On your first public Hex release, follow Release automation for the mechanical ship path; when you are ready to coordinate evidence and optional comms around that ship, use First public launch (announcement checklist) later in this file.

Milestone cadence and pause (v1.11+)

GSD milestones (/gsd-new-milestone, .planning/REQUIREMENTS.md, phased .planning/ROADMAP.md) are for coordinated tranches that move North Star outcomes in .planning/PROJECT.md. They are not required for every Hex publish.

Pause full milestone cycles (ship patch/minor via CHANGELOG.md + tag + Hex only) when all of the following are true:

1. No P0/P1 adoption or security items remain from maintainer triage (issues, dogfood runs, README vs guides consistency).
2. The next candidate milestone would mostly duplicate docs-only polish without a new trust signal (merge-blocking CI change, honest scope boundary, or materially new integrator path) — same “diminishing returns” bar used for v1.8 adopter polish.
3. Hex releases can carry fixes with conventional commits and CHANGELOG.md entries without remapping REQ-IDs.

Resume /gsd-new-milestone when an event warrants a scoped tranche, for example: public launch prep + SEED-001 human matrix; compliance or customer evidence forcing SEED-002 batches; ADR 001 revisit for sigra_lockspire / Lockspire glue; or a documented adoption gap that does not fit a single patch.

v1.12 trust bundle (audit + UAT evidence)

v1.12 packages the bounded SEED-002 audit closure narrative, the eight-row GA·UAT outcome index, and the machine vs residual CI catalog into a small set of stable links. Do not fork the eight-row matrix into Hex-facing guides — treat docs/uat-ci-coverage.md as the catalog and v1.12-UAT-EVIDENCE.md on main as the milestone outcome index.
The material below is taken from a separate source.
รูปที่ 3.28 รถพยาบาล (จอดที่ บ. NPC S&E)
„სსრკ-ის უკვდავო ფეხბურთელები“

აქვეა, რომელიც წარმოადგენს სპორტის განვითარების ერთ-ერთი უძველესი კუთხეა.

Release ritual: when cutting a minor or major, confirm CHANGELOG.md, guides/introduction/upgrading-to-v1.12.md, and the two URLs above still agree (no renamed paths, no duplicated tables).

Installer golden CI contract (phase 50)

The installer subprocess harness (mix phx.new + generated app) is expensive; do not rely on “it passed locally once.” Run the scoped merge gate the same way CI does:

PGUSER=postgres PGPASSWORD=postgres PGHOST=localhost MIX_ENV=test mix ci.install_golden

That alias runs test/sigra/install/golden_diff_test.exs and test/sigra/install/idempotency_test.exs only. golden_diff_test.exs sets @moduletag timeout: 300_000 (five-minute module budget) because archive install + scaffold work can exceed the default ExUnit timeout.

GitHub Actions runs the same two paths on every push to main and on PRs that touch installer paths, via the install_golden_contract job in .github/workflows/ci.yml.

PR paths that run install_golden_contract (phase 51)

PR diffs that touch any of the following path classes run both install_golden_contract and installer_milestone_audit (same diff rule in CI):

• priv/templates/sigra.install/
• lib/sigra/install/
• lib/sigra/mfa (top-level mfa.ex or mfa/ subtree)
• lib/sigra/oauth
• lib/sigra/account
• lib/sigra/passkeys

Waived GA-03 / GA-04 rows in .planning/v1.4-GA-UAT.md document OAuth mock and getting-started CI substitutes; those waivers do not replace mix ci.install_golden / install_golden_contract for priv/templates/sigra.install/ template drift — see .planning/phases/50-nyquist-ci-gate-hygiene/50-VERIFICATION.md for how installer attestation is defined (CI on main, not a pasted markdown row).

Troubleshooting slow or hung local mix ci.install_golden

The harness shells out to mix deps.get inside a generated tmp Phoenix app (Sigra.Test.InstallFixture). Long stalls are almost always Hex / registry network I/O, not Sigra compile errors. Prefer running the same work in CI (install_golden_contract) or use a warm local Hex cache and stable network. For Hex client tuning, see your installed Hex version’s docs (mix help hex.config); there is no separate Sigra knob beyond normal Mix/Hex environment.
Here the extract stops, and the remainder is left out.